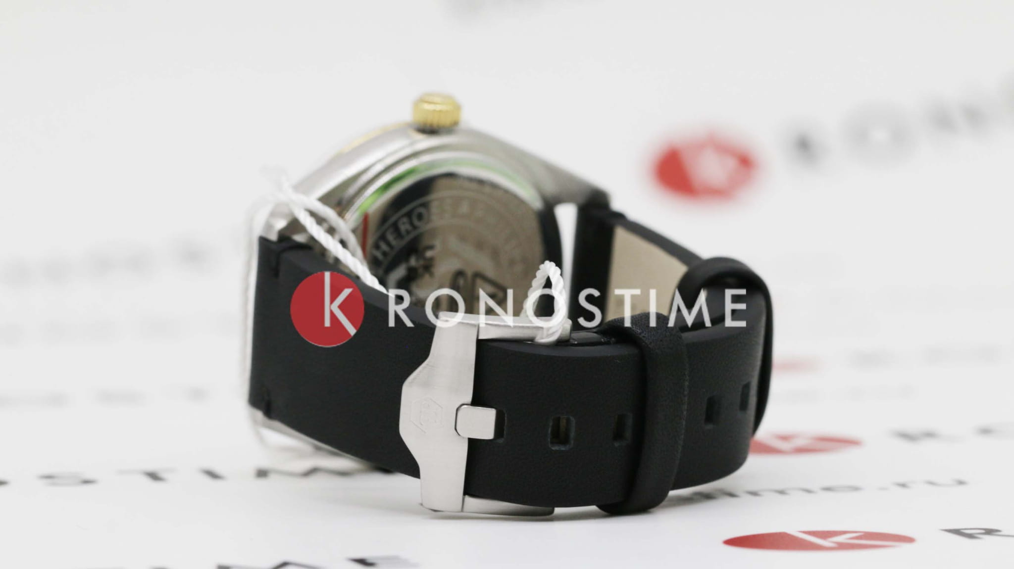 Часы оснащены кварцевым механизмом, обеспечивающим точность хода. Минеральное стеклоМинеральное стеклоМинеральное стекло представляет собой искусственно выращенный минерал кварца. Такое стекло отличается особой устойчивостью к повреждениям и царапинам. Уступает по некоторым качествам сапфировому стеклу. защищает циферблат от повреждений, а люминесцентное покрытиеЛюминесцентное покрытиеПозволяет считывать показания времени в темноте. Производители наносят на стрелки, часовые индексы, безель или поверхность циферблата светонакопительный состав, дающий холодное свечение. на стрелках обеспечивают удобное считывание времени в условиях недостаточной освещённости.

...

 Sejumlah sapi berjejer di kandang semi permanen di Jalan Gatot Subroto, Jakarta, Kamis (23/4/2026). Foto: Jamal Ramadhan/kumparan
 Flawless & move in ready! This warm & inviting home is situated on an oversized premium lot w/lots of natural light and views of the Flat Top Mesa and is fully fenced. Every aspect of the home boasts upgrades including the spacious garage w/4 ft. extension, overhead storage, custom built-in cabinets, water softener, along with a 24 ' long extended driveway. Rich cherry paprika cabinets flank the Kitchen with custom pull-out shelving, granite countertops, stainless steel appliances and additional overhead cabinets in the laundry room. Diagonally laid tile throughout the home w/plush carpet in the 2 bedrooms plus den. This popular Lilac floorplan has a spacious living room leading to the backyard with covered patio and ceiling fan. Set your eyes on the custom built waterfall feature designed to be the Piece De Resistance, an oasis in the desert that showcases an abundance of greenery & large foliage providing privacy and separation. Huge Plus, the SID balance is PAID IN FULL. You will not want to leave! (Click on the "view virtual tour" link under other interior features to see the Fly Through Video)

...

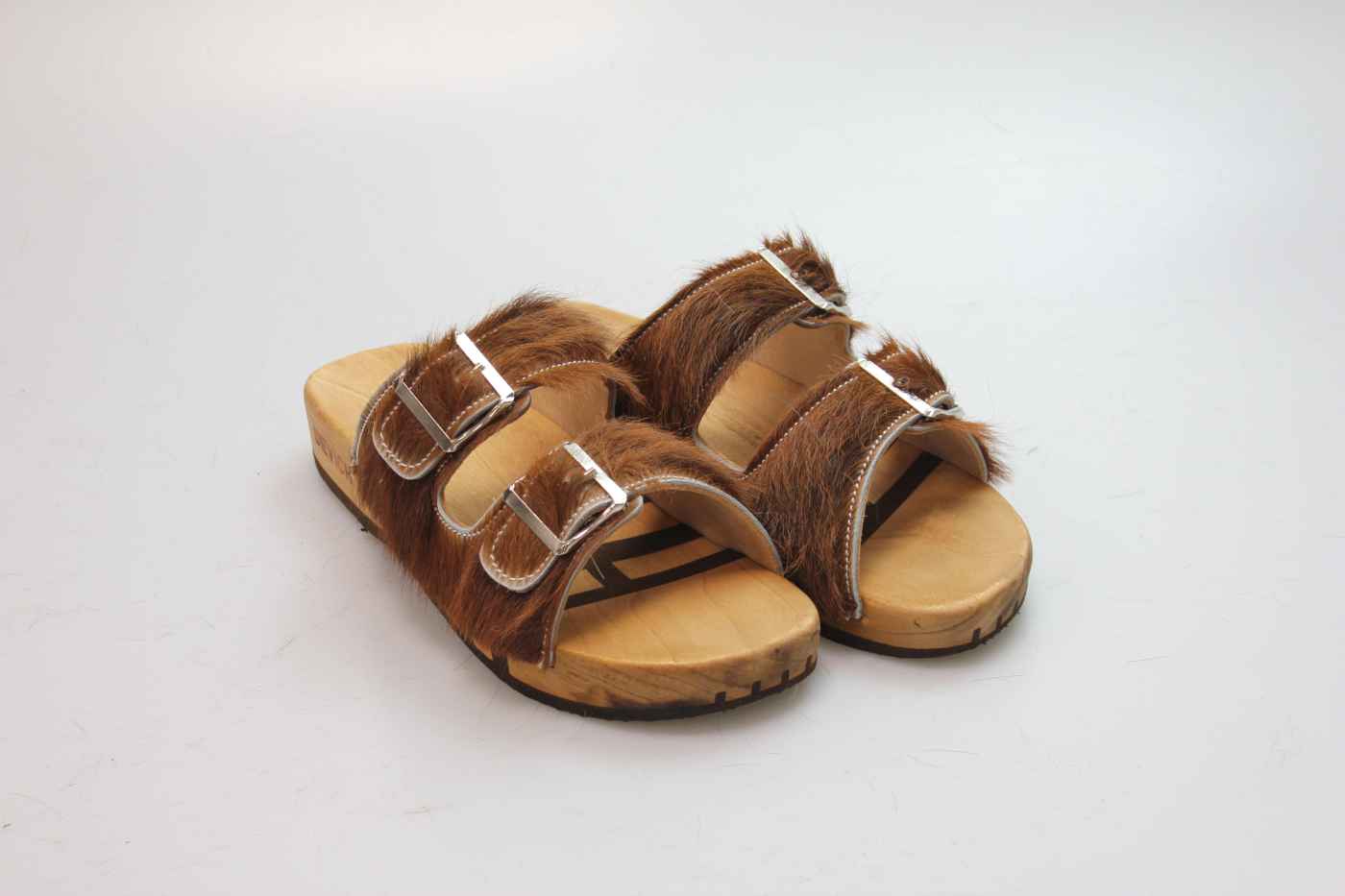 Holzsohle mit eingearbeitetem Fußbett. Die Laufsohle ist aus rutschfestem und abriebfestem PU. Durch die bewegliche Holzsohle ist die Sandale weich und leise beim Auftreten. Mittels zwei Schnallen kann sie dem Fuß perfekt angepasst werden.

→ Brief:
An exact copy of the lines above between the line holding "Sejumlah sapi berjejer" and the line holding "Flawless & move", inclusive, is the whole answer.

→ Completed task:
 Sejumlah sapi berjejer di kandang semi permanen di Jalan Gatot Subroto, Jakarta, Kamis (23/4/2026). Foto: Jamal Ramadhan/kumparan
 Flawless & move in ready! This warm & inviting home is situated on an oversized premium lot w/lots of natural light and views of the Flat Top Mesa and is fully fenced. Every aspect of the home boasts upgrades including the spacious garage w/4 ft. extension, overhead storage, custom built-in cabinets, water softener, along with a 24 ' long extended driveway. Rich cherry paprika cabinets flank the Kitchen with custom pull-out shelving, granite countertops, stainless steel appliances and additional overhead cabinets in the laundry room. Diagonally laid tile throughout the home w/plush carpet in the 2 bedrooms plus den. This popular Lilac floorplan has a spacious living room leading to the backyard with covered patio and ceiling fan. Set your eyes on the custom built waterfall feature designed to be the Piece De Resistance, an oasis in the desert that showcases an abundance of greenery & large foliage providing privacy and separation. Huge Plus, the SID balance is PAID IN FULL. You will not want to leave! (Click on the "view virtual tour" link under other interior features to see the Fly Through Video)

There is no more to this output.